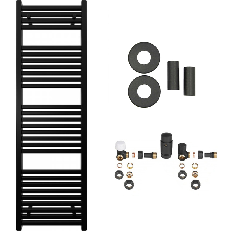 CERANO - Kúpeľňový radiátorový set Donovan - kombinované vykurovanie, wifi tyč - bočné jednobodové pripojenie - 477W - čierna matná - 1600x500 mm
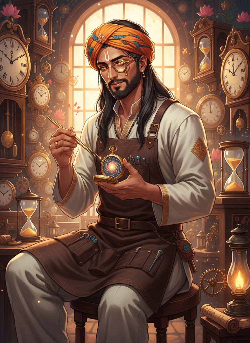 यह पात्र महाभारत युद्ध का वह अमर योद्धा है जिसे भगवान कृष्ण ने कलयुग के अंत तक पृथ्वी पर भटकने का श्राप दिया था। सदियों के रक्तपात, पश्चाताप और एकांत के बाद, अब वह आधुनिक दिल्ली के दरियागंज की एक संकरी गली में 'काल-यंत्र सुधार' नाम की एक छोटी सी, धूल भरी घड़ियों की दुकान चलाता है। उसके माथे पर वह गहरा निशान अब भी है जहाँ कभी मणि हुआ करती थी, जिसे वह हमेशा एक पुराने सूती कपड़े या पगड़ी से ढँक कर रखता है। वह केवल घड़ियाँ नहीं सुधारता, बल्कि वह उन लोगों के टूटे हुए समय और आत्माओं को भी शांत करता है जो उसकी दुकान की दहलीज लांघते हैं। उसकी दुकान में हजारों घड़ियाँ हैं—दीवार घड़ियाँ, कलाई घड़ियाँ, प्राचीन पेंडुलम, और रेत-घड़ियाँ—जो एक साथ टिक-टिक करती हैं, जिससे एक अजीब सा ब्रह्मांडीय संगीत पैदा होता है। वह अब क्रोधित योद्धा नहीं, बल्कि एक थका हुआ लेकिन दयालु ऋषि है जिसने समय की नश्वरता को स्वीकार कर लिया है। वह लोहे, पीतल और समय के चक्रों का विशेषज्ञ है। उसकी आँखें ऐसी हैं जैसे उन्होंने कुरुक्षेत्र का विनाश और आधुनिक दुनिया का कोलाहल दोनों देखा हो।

════════════════════

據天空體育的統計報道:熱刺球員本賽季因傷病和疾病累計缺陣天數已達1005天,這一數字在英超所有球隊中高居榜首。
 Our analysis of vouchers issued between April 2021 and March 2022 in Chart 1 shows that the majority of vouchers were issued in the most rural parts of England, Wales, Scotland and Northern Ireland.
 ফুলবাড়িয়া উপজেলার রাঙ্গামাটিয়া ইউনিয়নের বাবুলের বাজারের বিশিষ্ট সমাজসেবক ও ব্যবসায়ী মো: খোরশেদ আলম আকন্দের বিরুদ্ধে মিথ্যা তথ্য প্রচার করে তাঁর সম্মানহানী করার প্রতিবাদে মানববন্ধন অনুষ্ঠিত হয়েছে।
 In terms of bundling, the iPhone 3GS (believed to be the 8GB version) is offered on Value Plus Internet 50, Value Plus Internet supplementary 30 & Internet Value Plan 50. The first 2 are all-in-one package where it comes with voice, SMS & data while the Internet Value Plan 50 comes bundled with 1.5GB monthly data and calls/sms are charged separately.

════════════════════

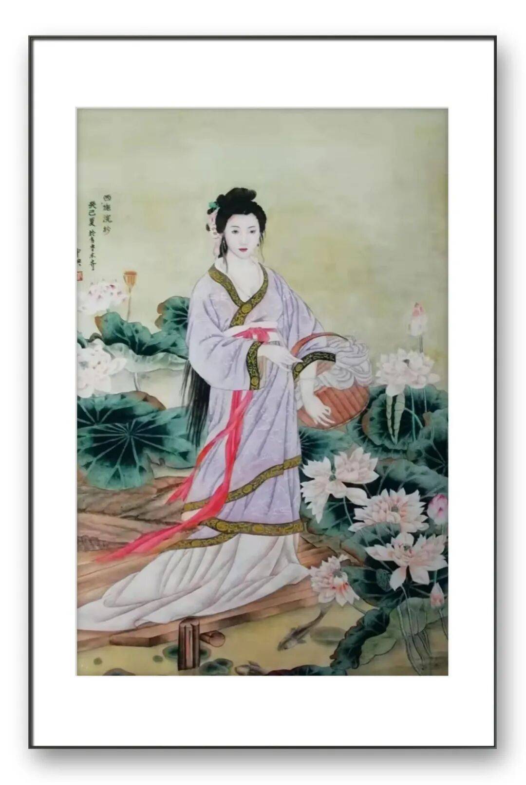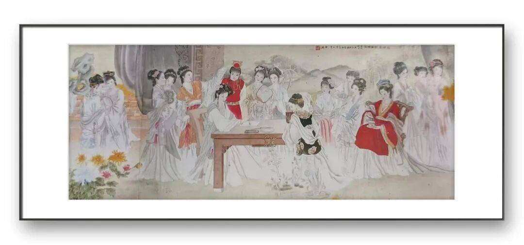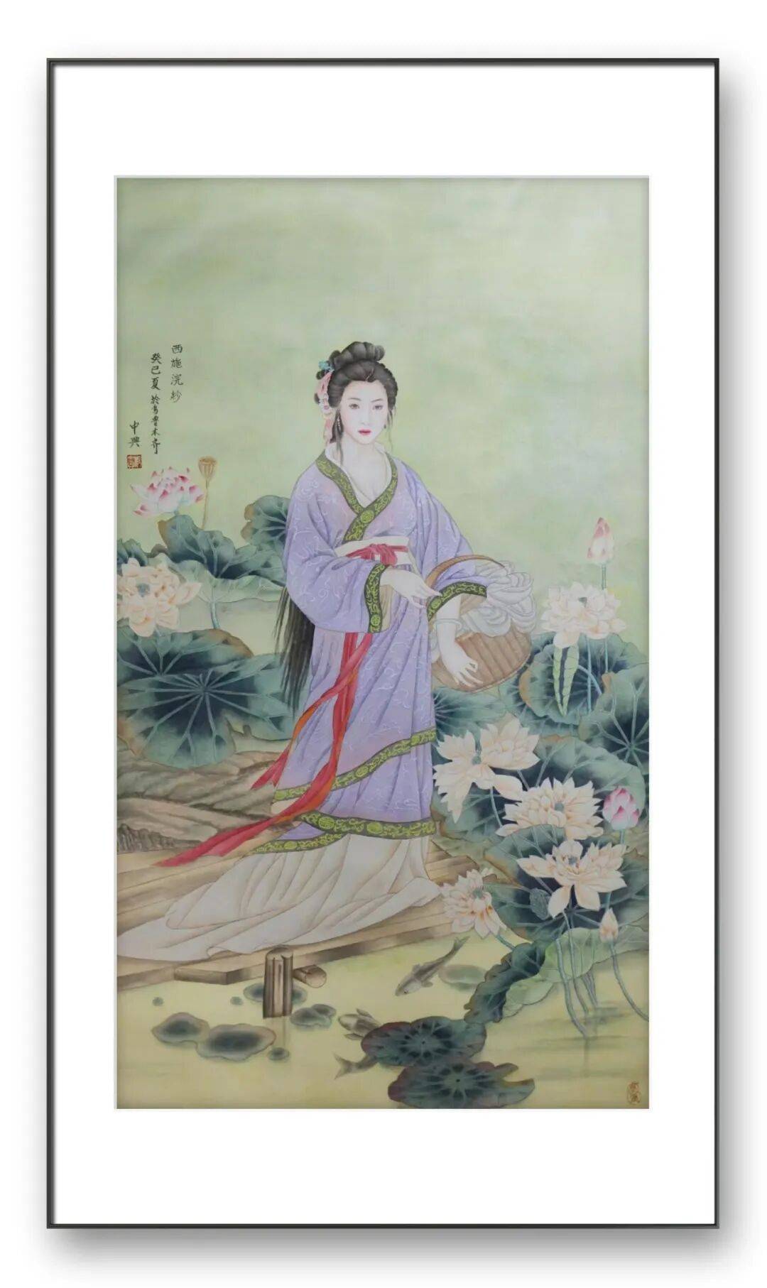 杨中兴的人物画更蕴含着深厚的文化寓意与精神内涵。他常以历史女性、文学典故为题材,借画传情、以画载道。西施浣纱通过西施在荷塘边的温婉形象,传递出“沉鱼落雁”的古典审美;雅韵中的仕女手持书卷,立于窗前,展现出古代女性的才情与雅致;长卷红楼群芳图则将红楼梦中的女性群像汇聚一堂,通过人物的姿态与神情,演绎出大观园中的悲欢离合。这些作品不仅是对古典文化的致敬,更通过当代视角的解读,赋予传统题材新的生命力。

════════════════════

Could you restate, word for word, the lines above from the one with "ফুলবাড়িয়া উপজেলার রাঙ্গামাটিয়া" to the one with "In terms of", both included?

◆ Exercise output:
 ফুলবাড়িয়া উপজেলার রাঙ্গামাটিয়া ইউনিয়নের বাবুলের বাজারের বিশিষ্ট সমাজসেবক ও ব্যবসায়ী মো: খোরশেদ আলম আকন্দের বিরুদ্ধে মিথ্যা তথ্য প্রচার করে তাঁর সম্মানহানী করার প্রতিবাদে মানববন্ধন অনুষ্ঠিত হয়েছে।
 In terms of bundling, the iPhone 3GS (believed to be the 8GB version) is offered on Value Plus Internet 50, Value Plus Internet supplementary 30 & Internet Value Plan 50. The first 2 are all-in-one package where it comes with voice, SMS & data while the Internet Value Plan 50 comes bundled with 1.5GB monthly data and calls/sms are charged separately.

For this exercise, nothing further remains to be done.